Garbanzo.

Patrick Taylor, etymologist for the American Heritage Dictionary, is an occasional commenter at LH and always has interesting things to say, so I’m pleased to pass along his excellent revision to the etymology of garbanzo, to appear in the AHD update this fall (I found it in Steve Kleinedler’s Facebook feed):

[Spanish, perhaps alteration (influenced by Old Spanish garroba, carob) of Old Spanish *arvanço (compare Portuguese ervanço, chickpea), perhaps from Gothic *arwaits; akin to Dutch erwt and Old High German araweiz, pea, both from Proto-Germanic *arwait-,*arwīt-, pea, pulse, probably from the same European substrate source as Greek erebinthos, chickpea, and Greek orobos and Latin ervum, bitter vetch (Vicia ervilia), a vetch once widely cultivated in the Mediterranean region as a pulse and as fodder for livestock.]

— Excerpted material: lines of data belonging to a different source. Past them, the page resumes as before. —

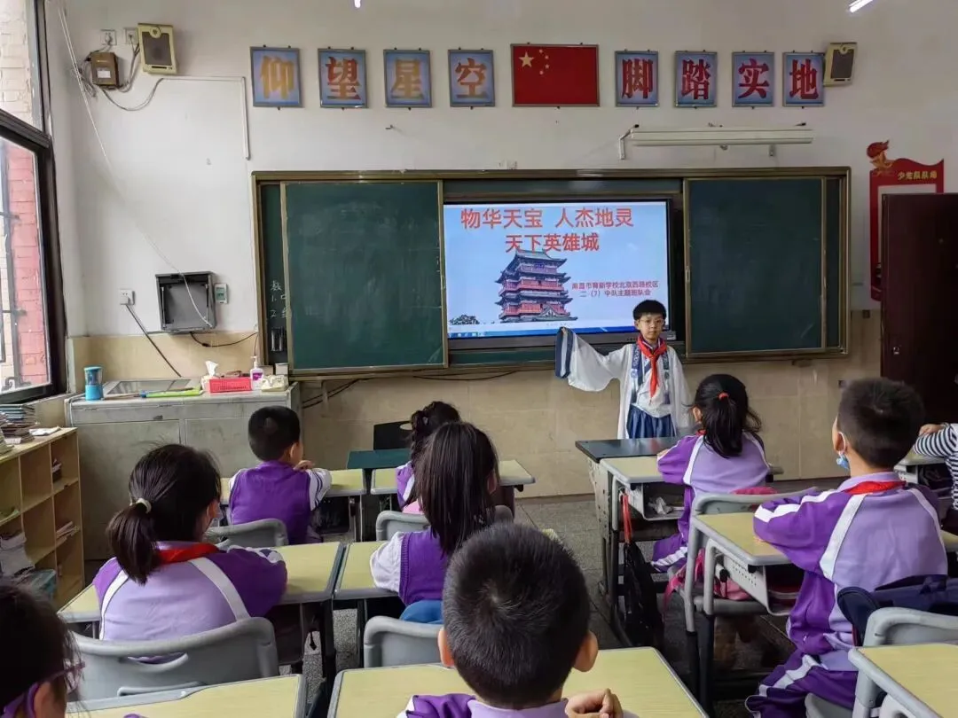 首先,学校利用晨会时间,选出优秀少先队代表“诵千古诗词”,带领全校师生共同领略南昌恢宏厚重、古朴稳健的豫章故郡风采。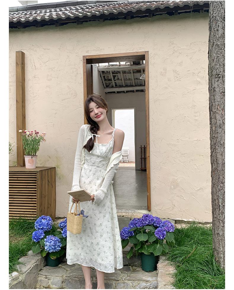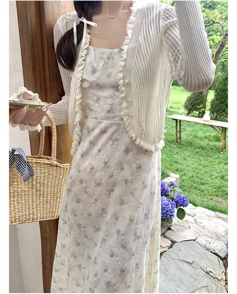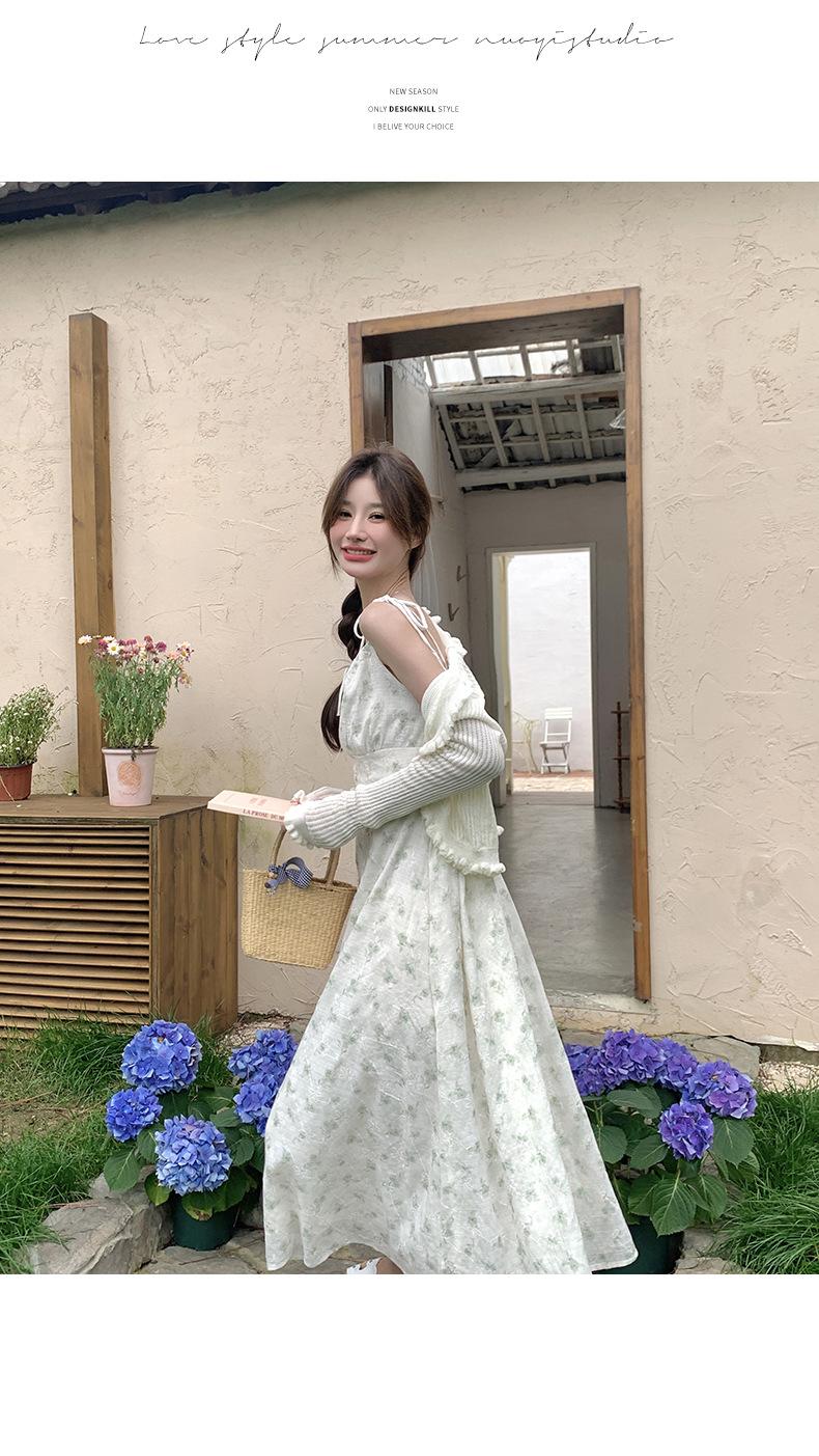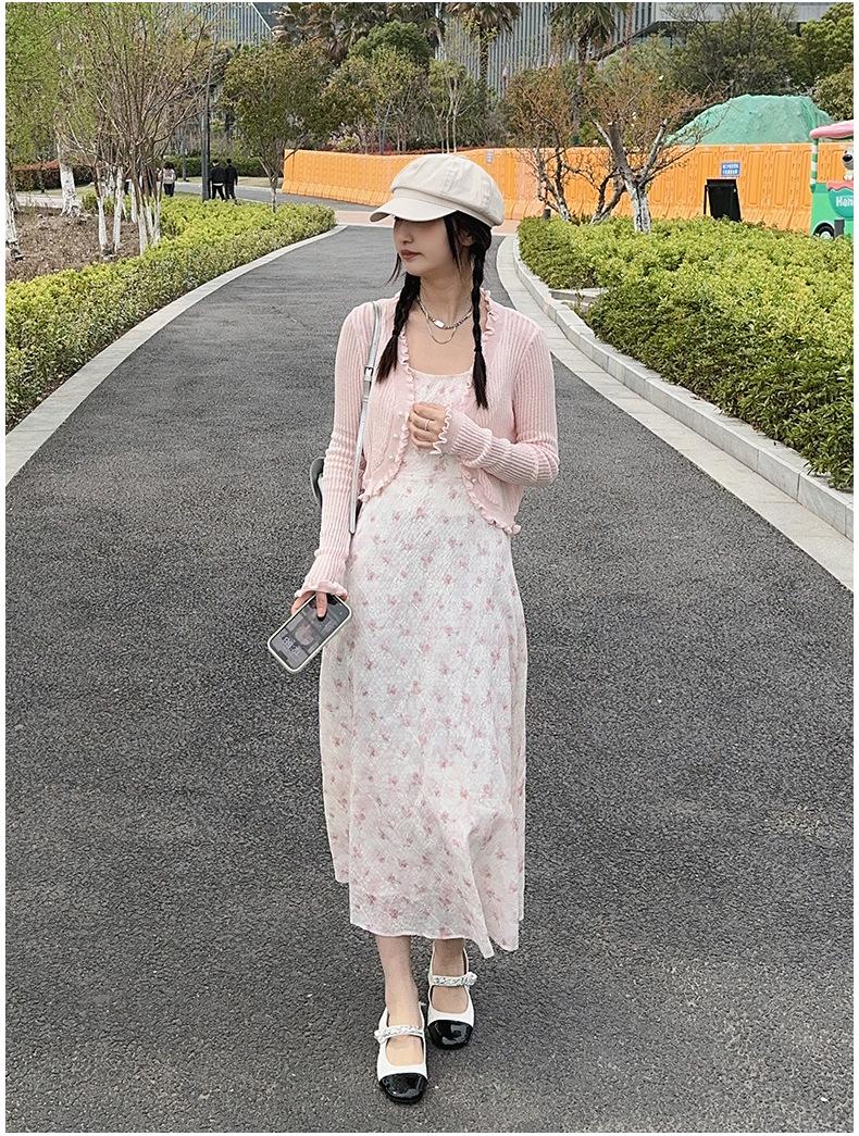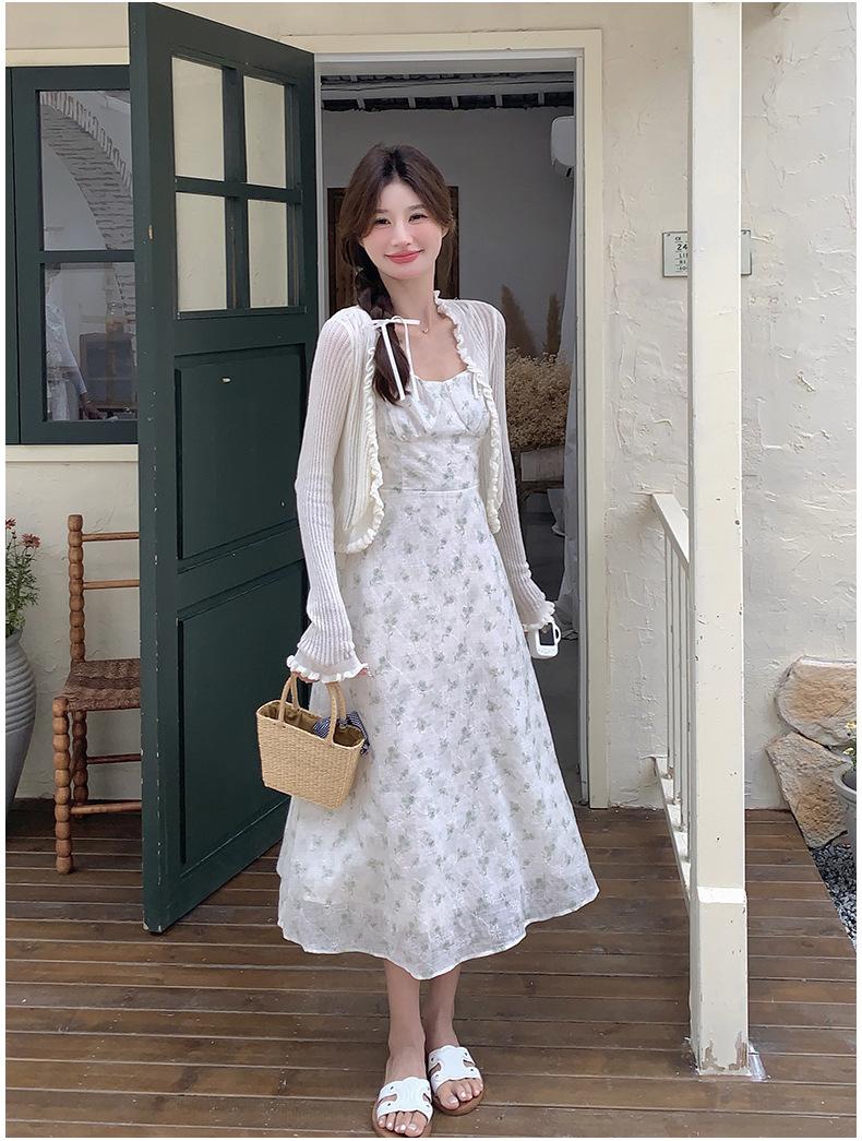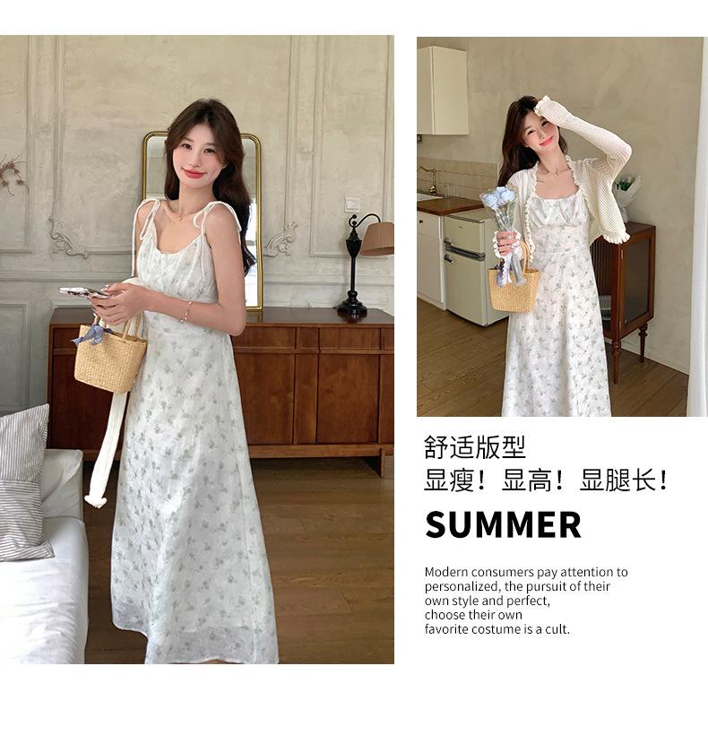 2025 Nueva Moda de Verano Casual Versátil Reductor de Edad Vestido Floral con Tirantes + Traje Cárdigan Protección Solar Moderno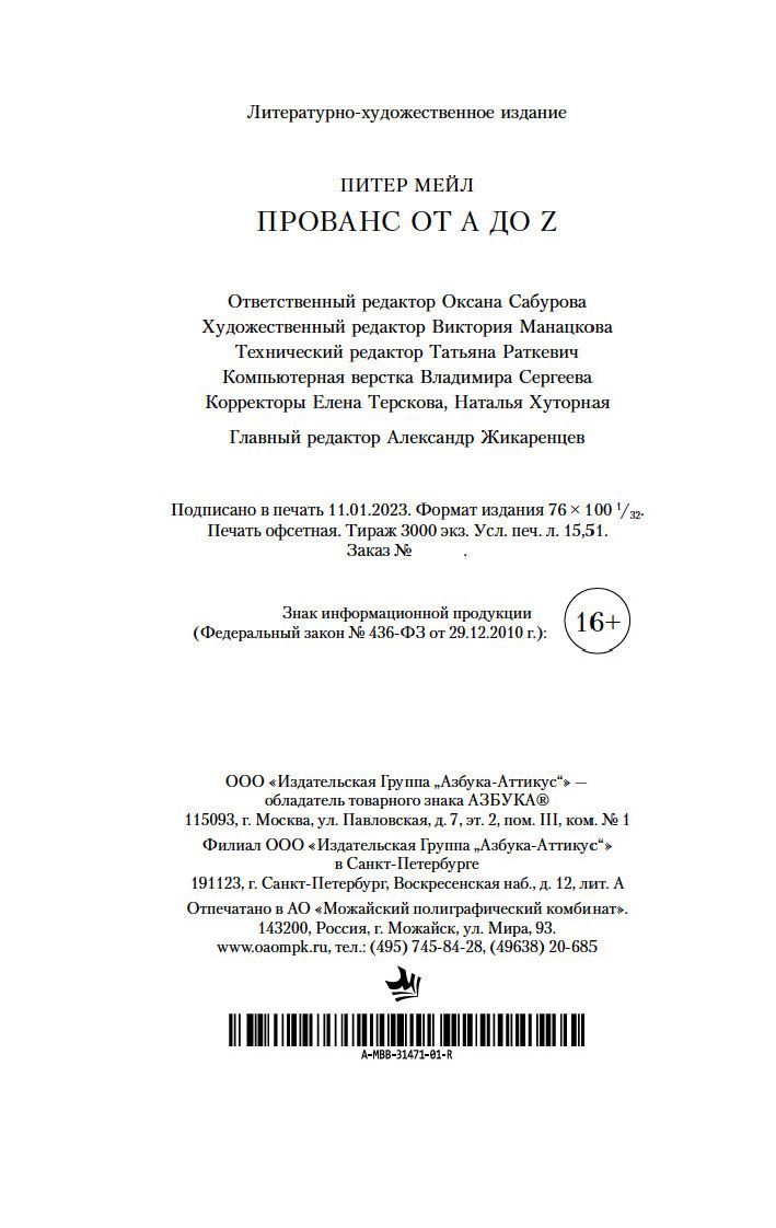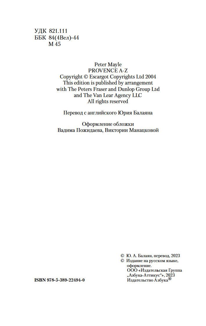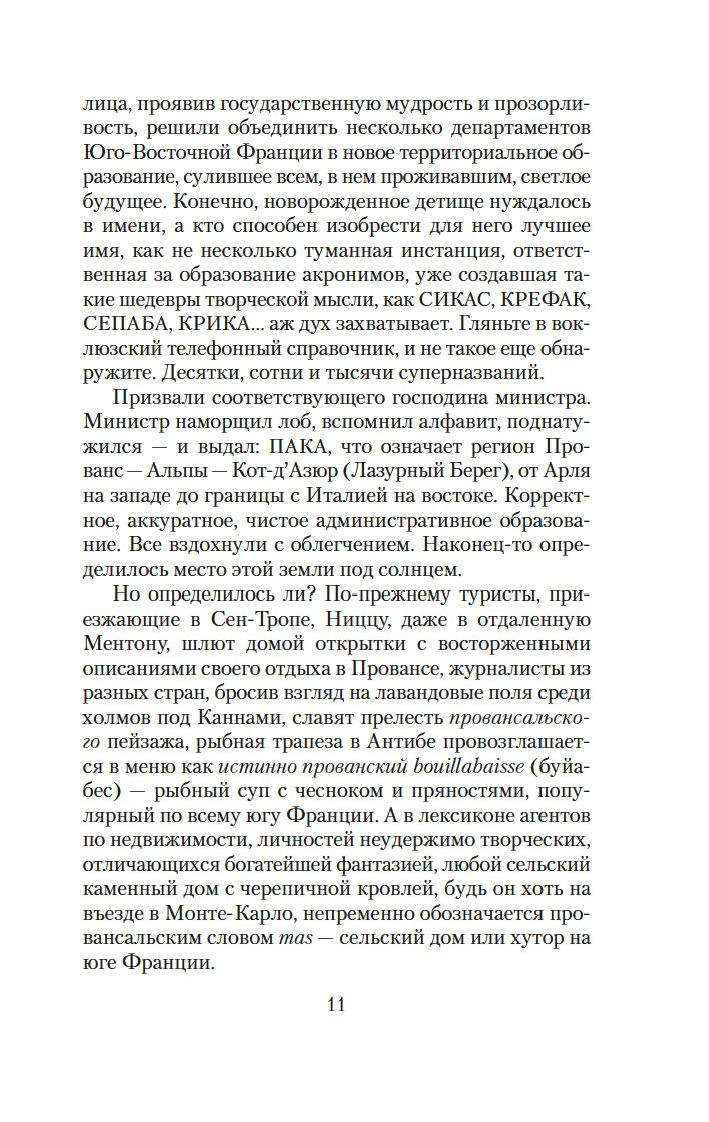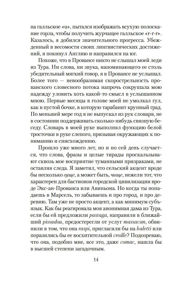 Разве можно рассказать о Провансе в одной книжке? Горы и виноградники, трюфели и дыни, традиции и легенды, святые и бестии... С чего начать, чем пренебречь? Серьезный автор наверняка сосредоточился бы на чем-то одном и сочинил бы солидный опус. К Питеру Мейлу это не относится. Любые сведения вызывают доверие лишь тогда, когда они получены путем личного опыта, – так считает автор. Но не только поиск темы гонит его в винные погреба, на оливковые фермы и фестивали лягушек. "Попутно я получая удовольствие, не спорю", – признается Мейл. Таким образом, руководствуясь по большей части собственным любопытством и личными слабостями, "легкомысленной пташкой" порхая с ветки на ветку, от одного вопроса к другому, Мейл создал весьма занимательную "коллекцию фактов и фактиков" о Провансе, райском уголке на земле, о котором автор пишет с неизменной любовью и юмором.

I add, totally irrelevantly, that I have always loved the phrase “bitter vetch,” though I wouldn’t know one if I saw it. Also, erwt is a weird-looking word.

Comments

  1. Had to look up Russian чечевица “chechevitsa” for seeming cognacy to chickpea <= Lat. cicer but it appears to be unrelated, and until relatively recently, the first consonant was “s” rather than “ch”. It is supposedly explained by syllabic assimilation but it looks peculiarly similar to the proposed origins of the word-initial “g” in “garbanzo”…

  2. How long before someone mentions Cícero?

    “Garbancito” is still used in Spain as a semi-affectionate name for a bald(ing)man with a certain kind of nose.

  3. Ha, I believe I can picture a person with that nose.

  4. Russian чечевица “chechevitsa” lentil

    There is an interesting disconnect between the classics here, with Vasmer’s assumption that it derives from “sok” “juice” through “сочиво” (extinct but supposedly seed-juice?), then circularly explaining “sok” as related to lentils… while Dahl vehemently insisted that Russian “sok” juice is a Latin borrowing related to English “succulent”, and should properly be banished from Russian and replaced by autochtonous “zhizha”

  5. Ксёнѕ Фаўст says

    Tried to comment on this but my post somehow evaporated (twice) after clicking ‘post comment’. Inter os atque offam…

  6. David Marjanović says

    Some strings of letters trigger the spam filter.

  7. The software is just trying to illustrate the proverb: there’s many a slip ‘twixt clicking ‘post comment’ and seeing your words appear on the page.

  8. Ксёнѕ Фаўст says

    “Some strings of letters trigger the spam filter.”

    Well, I figure I shouldn’t have mentioned lentils and Romance together…

  9. Once in a while my comments “disappear” (I press the “Post” button and it just redraws the page as it was, without my comment). Whenever I tried deleting words, or chopping the text in halves, in a vain hope of finding the would-be offensive “string of letters”, it just keeps discarding my message regardless of my edits and deletes. So I concluded that it must be some other bug … not the weirdness of the spam filter parsing the words, but something marking myself untrustworthy whatever the words may be. When it happens I just shoot an email to Languagehat, asking to add a comment in my name. Our gracious host always helps!

  10. Yeah, it’s not the spam filter — that would send the comment into moderation. I have no idea why some comments just won’t post, but send ’em to me and I’ll post ’em for you (for some reason, I never have a problem, even though it’s the same text).

  11. peter desmond says

    there’s an alternative etymology which is around.

    Carob. Ceratonia siliqua, the carob tree, is a species of flowering evergreen shrub or tree in the pea family, Fabaceae. It is widely cultivated for its edible pods, and as an ornamental tree in gardens. The ripe, dried pod is often ground to carob powder which is used as a substitute for cocoa powder. Middle English carabe, from Old French carobe, from Medieval Latin carrubium, from Arabic خَرُّوبٌ (kharrūb, “locust bean pod”), which derives from Akkadian kharubu.

    it seems to have met with disfavor.

  12. That’s not an alternative etymology, it’s an etymology of a different word.

  13. peter desmond says

    oh, quite right, hat, i was reading distractedly.

  14. No problem, I do a lot of distracted reading.